Parsing URLs With a Perl 6 Grammar

This is derived from my blog post made in answer to the Week 17 of the Perl Weekly Challenge organized by Mohammad S. Anwar as well as answers made by others to the same challenge.

The challenge reads as follows:

Create a script to parse URL and print the components of URL. According to Wiki page, the URL syntax is as below:

scheme:[//[userinfo@]host[:port]]path[?query][#fragment]

For example: jdbc:mysql://user:password@localhost:3306/pwc?profile=true#h1

scheme:   jdbc:mysql
userinfo: user:password
host:     localhost
port:     3306
path:     /pwc
query:    profile=true
fragment: h1

My Solution

It is quite possible to use regexes to solve this challenge (and that's what I did for my solution in Perl 5), but, in my humble opinion, the right way to parse a URL is of course to write a grammar, and this is great fun in Perl 6.
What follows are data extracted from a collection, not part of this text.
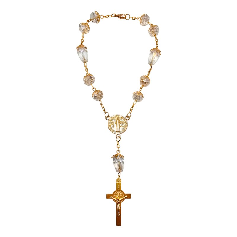 Centralnym punktem różańca jest medalik Świętego Benedykta, a całość wieńczy prosty krzyż o wymiarach 21x38 mm. Połączenie tych dwóch symboli sprawia, że różaniec staje się potężnym narzędziem w walce ze złem i doskonałym upominkiem.
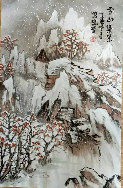 雪景无需再画,可我忙碌两天。纯手绘家装背景墙-雪后的美景
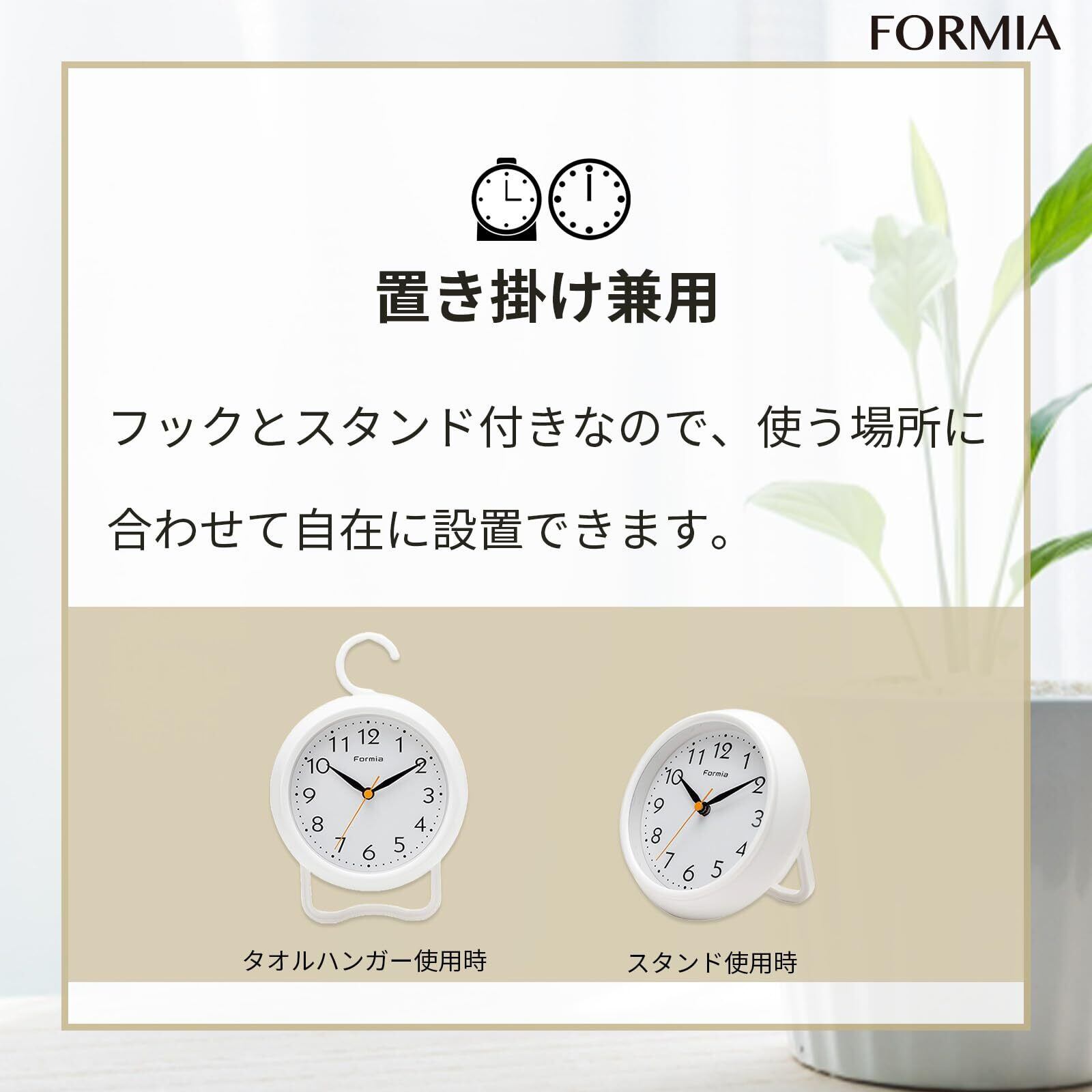 Formia(フォルミア) バスクロック 防水 大画面 お風呂用 キッチン用 壁掛け時計 置き掛け兼用 アナログ タオルハンガー 保土ヶ谷電子販売 ホワイト HWP-001S-WH

I can't explain in detail how this works (as this would take many pages), but let me try to give an idea. First, we define a grammar, with a number of rules, regexes, or tokens. When we use a grammar with the parse method on a string, the parse method calls by default the TOP rule (or token) and tries to match this rule:

rule TOP { 
    <scheme> '//' <authority>? <path> [ '?' <query> ]? <fragment>? 
}

This rules looks for a <scheme> component, followed by //, followed by an optional <authority> component, followed by a <path>component, etc. A <scheme> component is defined by the scheme token:

token scheme { \w+ [ ':' \w+]? ':'}

which is composed of a group of alphanumerical characters, followed by an optional colon and another group of alphanumerical characters, and ending with a colon.

Similarly, the optional <authority> component, if it exists, is defined by the authority token:

token authority { [<userinfo> '@']? <host> [':' <port>]? }

An authority component is itself composed of an optional <userinfo>and @, followed by a <host>, followed by an optional colon and a <port>. As you probably guessed by now, these three sub-components will be defined in other tokens, and so on.
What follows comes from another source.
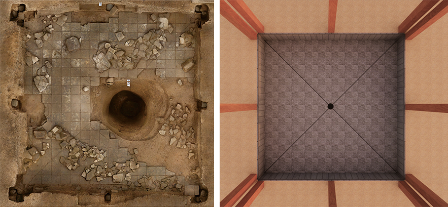 中部夯土臺基的中心發(fā)現(xiàn)一處神秘的半地穴空間。它的地面鋪素磚,四壁貼壁磚并用鐵釘固定,各磚縫之間還用特殊材料專門做了“美縫”處理。種種跡象表明此處可能是一個“水池”,但中間被一口豎井狀大坑破壞。

In the end, if the string is successfully parsed, the result is stored into the $/ match object. We can then lookup for the various components with a hash-like syntax on the match object. So for example, the <scheme> component can be found in $/<scheme> or, in the code below, in $match<scheme>, since I assigned the parse result (the match object) to the $match variable.
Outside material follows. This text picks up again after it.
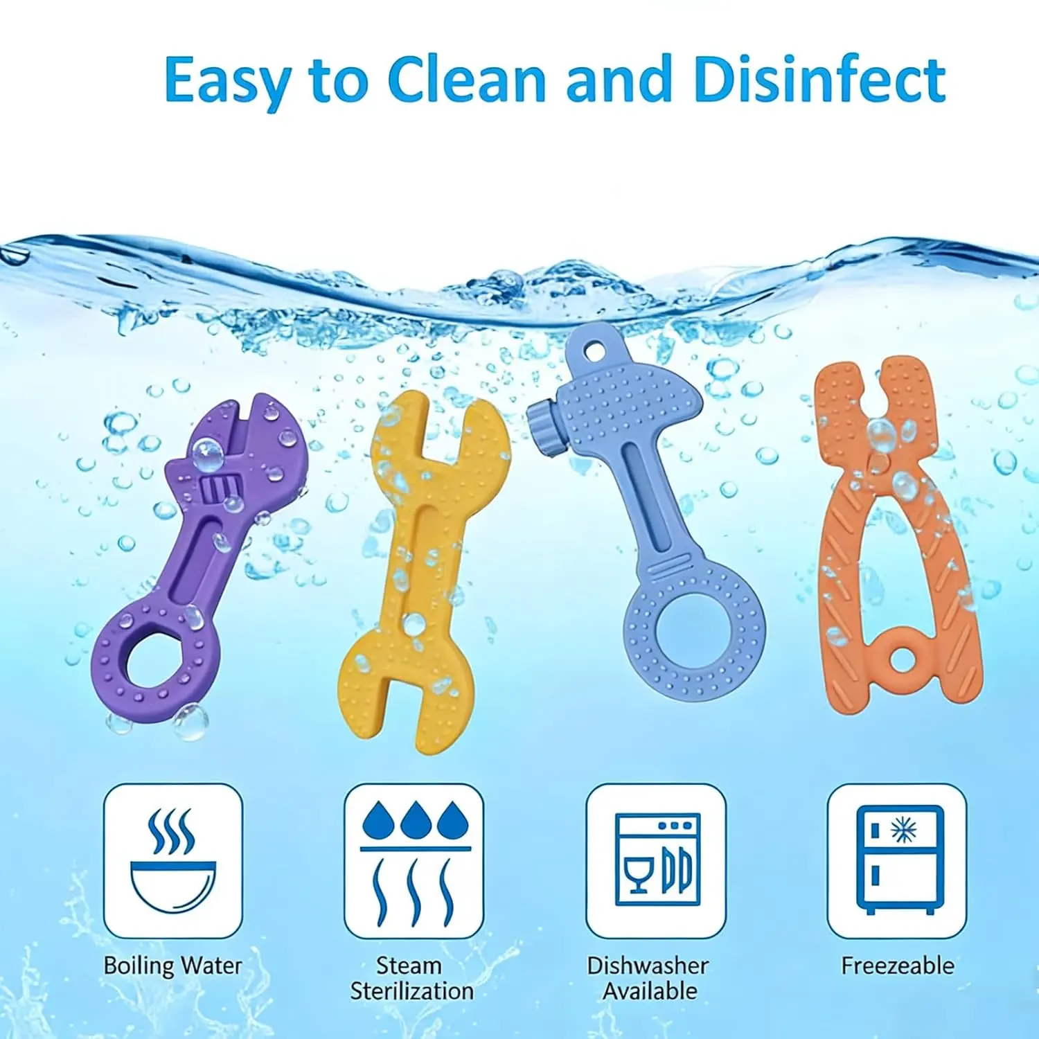 5. Baby Teething Toys, Baby Teethers for 3-6months, Freezer BPA Free Silicone Teethers for Babies, Hammer Wrench Spanner Pliers Shape Teether Baby Chew Toys

Now the full code of the program:

use v6;
# use Grammar::Tracer;

grammar URL {
    rule TOP { 
        <scheme> '//' <authority>? <path> [ '?' <query> ]? <fragment>? 
    }
    token scheme { \w+ [ ':' \w+]? ':'}
    token authority { [<userinfo> '@']? <host> [':' <port>]? }
    token userinfo { <user> [':' <password> ]?}
    token user { \w+ }
    token password { <-[ @ ]>+ }
    token host { 
        || <hostname>
        || <ipv4>
        || <ipv6>
    }
    token hostname { \w+ [ '.' \w+ ]* } 
    token ipv4 { <octet> ['.' <octet> ] ** 3 }
    token octet { (\d ** 1..3) <?{0 <= $0 <= 255 }>}
    token ipv6 { '[' <group> ** 8 ']' }
    token group { <xdigit> ** 4 }
    token port { \d+ }
    token path { '/' <segment>? [ '/' <segment> ]* } 
    token segment { \w+ [ '::' \w+ ]? }
    token query {  \w+ '=' <[\w\s]>+ }
    token fragment { '#' <frag_id> }
    token frag_id { \w+ }
}
sub display (Str $label, Str $value) {
    printf "    %-15s:\t %-20s\n", $label, $value;
}

for ('jdbc:mysql://user:password@localhost:3306/pwc?profile=true#h1',
     'https://en.wikipedia.org/wiki/URL', 
     'https://perlcon.eu/my', 
     'https://www.perlmonks.org/?node=Seekers of Perl Wisdom',
     'https://metacpan.org/pod/Test::More'
    ) -> $url-string {
    my $match = URL.parse($url-string);
    if $match {
        say "Matched $url-string:";
        display "scheme", ~$match<scheme>;
        display "userinfo", ~$match<authority><userinfo> 
            if defined $match<authority><userinfo>;
        display "host", ~$match<authority><host> 
            if defined $match<authority><host>;
        display "port", ~$match<authority><port> 
            if defined $match<authority><port>;
        display "path", ~$match<path>;
        display "query", ~$match<query> if defined $match<query>;
        display "fragment", ~$match<fragment> if defined $match<fragment>;
    } else {
        say "Not matched $url-string";
    }
}

And this is the output with our five test URLs:

$ perl6  parse_url.p6
Matched jdbc:mysql://user:password@localhost:3306/pwc?profile=true#h1:
    scheme         :         jdbc:mysql:
    userinfo       :         user:password
    host           :         localhost
    port           :         3306
    path           :         /pwc
    query          :         profile=true
    fragment       :         #h1
Matched https://en.wikipedia.org/wiki/URL:
    scheme         :         https:
    host           :         en.wikipedia.org
    path           :         /wiki/URL
Matched https://perlcon.eu/my:
    scheme         :         https:
    host           :         perlcon.eu
    path           :         /my
Matched https://www.perlmonks.org/?node=Seekers of Perl Wisdom:
    scheme         :         https:
    host           :         www.perlmonks.org
    path           :         /
    query          :         node=Seekers of Perl Wisdom
Matched https://metacpan.org/pod/Test::More:
    scheme         :         https:
    host           :         metacpan.org
    path           :         /pod/Test::More

Undoubtedly, many more tests would be needed, as URLs can take many forms and we tested only a few cases.

Alternative Solutions

Since most solutions used regexes or grammars to perform the bulk of the work, it seems interesting to quote these grammars (except when they are too long) to provide a ground for comparisons.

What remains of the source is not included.